Dessa forma, a leitura de Gn 12,10-20 como antecipação narrativa do Êxodo permite reconhecer que a experiência de Sara constitui uma síntese daquilo que o Êxodo desenvolverá em escala coletiva. Ao colocá-la no centro do relato, o texto amplia o horizonte da teologia da libertação e evidencia que a libertação permanece incompleta enquanto persistirem relações que oprimem o corpo feminino e desestabilizam a criação. Trata-se, portanto, de uma chave interpretativa que desloca o eixo da leitura exodal para uma perspectiva que integra experiência individual e memória coletiva. Sara, portanto, não é apenas personagem, mas chave hermenêutica a partir da qual o próprio Êxodo pode ser teologicamente reconfigurado, evidenciando que a ação libertadora de Deus se manifesta de forma inseparável na história, nos corpos e na criação, configurando-se como exigência permanente para a reflexão teológica contemporânea no interior da tradição católica.

Referências

BÍBLIA SAGRADA. Tradução da CNBB. São Paulo: Paulinas, 2023.

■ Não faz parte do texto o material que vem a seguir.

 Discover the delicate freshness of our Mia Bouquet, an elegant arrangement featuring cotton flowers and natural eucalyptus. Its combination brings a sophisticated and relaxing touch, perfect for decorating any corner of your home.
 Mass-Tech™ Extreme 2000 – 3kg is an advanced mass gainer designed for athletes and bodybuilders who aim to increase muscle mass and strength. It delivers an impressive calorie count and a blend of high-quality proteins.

CROATTO, José Severino. Êxodo: uma hermenêutica da liberdade. São Paulo: Paulinas, 1981.

CORDEIRO, Ana Luisa Alves; SCHINELO, José Edmilson. Pentateuco e Livros Históricos. Campo Grande: UCDB, 2023.

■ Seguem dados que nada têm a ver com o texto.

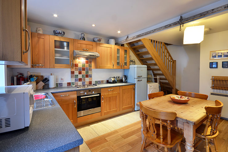 Downstairs the modern dining kitchen so well-designed and attractive, with a wood-burning stove, that guests may well be tempted to spend more time here than just for cooking and eating. There is also a handy shower room with WC on the level.
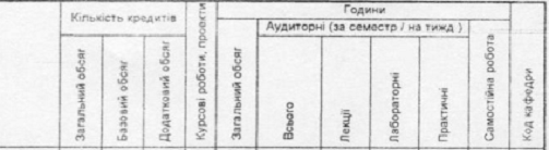 название дисциплины, объем кредитов, контроль, количество отведенных часов на

FRANCISCO. Carta encíclica Laudato Si’. São Paulo: Paulinas, 2015. Disponível em: https://www.vatican.va/content/francesco/pt/encyclicals/documents/papa-francesco_20150524_enciclica-laudato-si.html. Acesso em: 22 abr. 2026.

GASS, Ildo Bohn (org.). Formação do Império de Davi e Salomão. São Leopoldo: CEBI; São Paulo: Paulus, 2005.

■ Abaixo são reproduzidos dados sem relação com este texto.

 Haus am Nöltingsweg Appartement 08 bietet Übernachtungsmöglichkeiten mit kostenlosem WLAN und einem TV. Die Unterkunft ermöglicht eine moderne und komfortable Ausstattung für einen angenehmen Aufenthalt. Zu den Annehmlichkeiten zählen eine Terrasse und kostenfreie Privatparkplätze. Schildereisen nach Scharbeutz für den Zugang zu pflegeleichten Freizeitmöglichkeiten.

KIBUUKA, Brian. A Torá Comentada. São Paulo: Fonte Editorial, 2019.

MESTERS, Carlos. Por trás das palavras. Petrópolis: Vozes, 1984.

SCHWANTES, Milton. Projetos de esperança. São Paulo: Paulinas, 1987.

TAMEZ, Elsa. Contra toda condenação. São Paulo: Paulus, 1995.

*Seny Giannini – Bacharelanda em Teologia pela Universidade Católica Dom Bosco (UCDB)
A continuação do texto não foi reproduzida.